■ **Your task**
Leaving all pictures out, output exactly and only the line containing "4月2日16時27分頃、茨城県で最大震度4を観測する地震がありました。" and the lines that follow it to the end of the material below.

■ **Data**
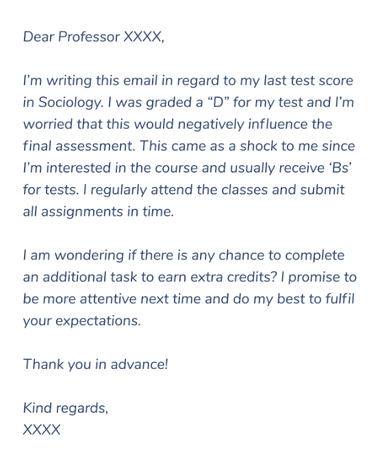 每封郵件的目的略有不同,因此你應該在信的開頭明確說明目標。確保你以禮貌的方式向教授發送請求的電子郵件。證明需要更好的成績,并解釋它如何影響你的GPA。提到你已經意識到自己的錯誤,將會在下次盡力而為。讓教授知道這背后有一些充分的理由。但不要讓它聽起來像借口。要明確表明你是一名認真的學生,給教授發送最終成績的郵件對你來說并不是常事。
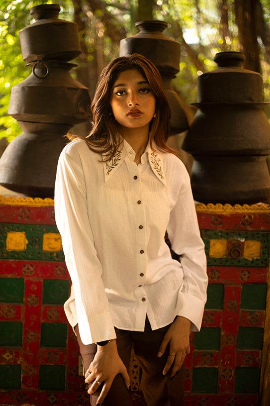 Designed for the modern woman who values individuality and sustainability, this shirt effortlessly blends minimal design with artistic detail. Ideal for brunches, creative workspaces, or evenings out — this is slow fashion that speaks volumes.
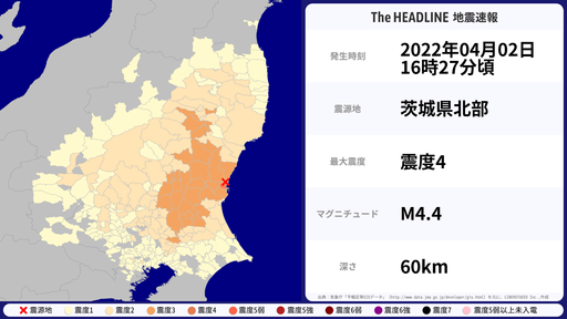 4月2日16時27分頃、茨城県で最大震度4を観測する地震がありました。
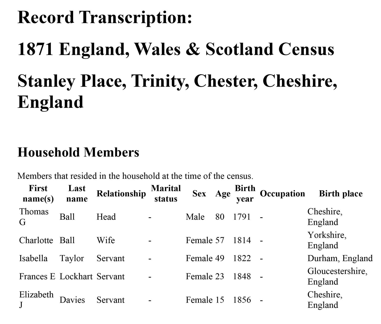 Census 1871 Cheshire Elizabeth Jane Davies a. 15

■ **Solution to this task**
 4月2日16時27分頃、茨城県で最大震度4を観測する地震がありました。
 Census 1871 Cheshire Elizabeth Jane Davies a. 15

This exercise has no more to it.